GDS’s GA Premium account contractually prevents Google from investigating the data, and Google self-anonymises with a flag in their API[1]. If you don’t trust them then that’s fine, but for functionality vs cost it seems to be the best option.
For what it’s worth, for extremely sensitive projects like GOV.UK Verify other options are fine; Verify uses a local Piwik instance.
You’re also welcome to block that specific JS or just turn off JS completely on GOV.UK properties - everything has to work without JS to go live on GOV.UK.[2]
It's not about you trusting somebody to handle the data. It's just that the data should not exist at all outside of you and the gov.
As soon as the data exists somewhere else, there is a way to misuse it and a chance it will happen. In todays word, those don't even require a lot of imagination to find because it already happened and is currently happening.
At what point is it, though? From the Client or when it hits the server. If it is the later, we can’t know if three letter agencies intercept the traffic before it gets anonymized.
Furthermore, it is often possible to de-anonymize data especially if you have an extensive knowledge of users and their data such as google. But even then, you can also de-anonymize data
The client can’t anonymise the IP as it connects to the Google server which then will implicitly know it. What the flag does is tell the server to anonymise it from that point onwards. From my original link:
When a customer of Analytics requests IP address anonymization, Analytics anonymizes the address as soon as technically feasible at the earliest possible stage of the collection network. The IP anonymization feature in Analytics sets the last octet of IPv4 user IP addresses and the last 80 bits of IPv6 addresses to zeros in memory shortly after being sent to the Analytics Collection Network. The full IP address is never written to disk in this case.
I still can't believe people are happy using Verify.
I very reluctantly tried to use it as I don't want to give all my data to any of the companies you listed, and yet it failed to identify me using the two companies I was allowed to pick.
I really don't see how it's acceptable to force users to give so much personal data to a handful of randomly selected private companies, on the off-chance that they already have it.
I'm in a similar situation to you.
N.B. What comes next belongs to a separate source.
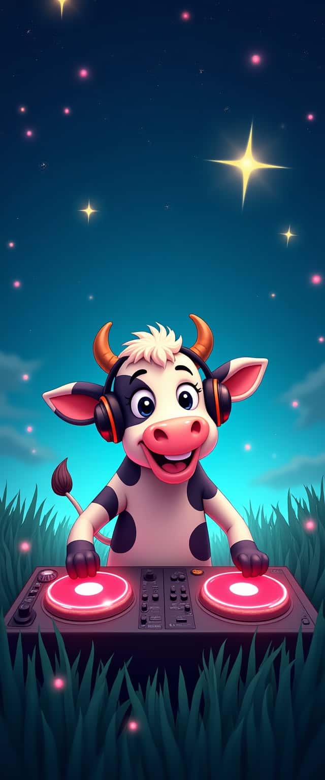 Under a sparkling starlit sky, a cheeky cartoon cow with a wide grin and oversized headphones rocks the turntables. Surrounding it, swirling disco lights dance around, illuminating long blades of grass gently swaying in the breezy night.

Last time I tried to verify my identity, two of the companies refused to do so because I don't have a full driving license, only provisional; and the other two didn't require a driving license but refused to accept that I exist, naturally without telling me what I should do about it.
The concerning part was what happened when I tried to cancel the process. The companies told me that they would delete all the data I had submitted to them, but when I tried again a year later, I was invited to resume my application, and all my data was still in their systems!
[edit] Just tried to go through the process again to see if anything has changed. I picked Royal Mail as an identity provider but was unable to finish because I had to upload a scan of a phone contract, which I don't have since I use pay as you go! Bloody waste of time!
>> GDS’s GA Premium account contractually prevents Google from investigating the data
And we all know that means it's safe forever, and isn't in any sort of jeopardy the moment it crosses a border, or in fact the moment it escapes to a third party at all.
It's all industry standard so it must be fine!
>> For what it’s worth, for extremely sensitive projects like GOV.UK Verify other options are fine; Verify uses a local Piwik instance.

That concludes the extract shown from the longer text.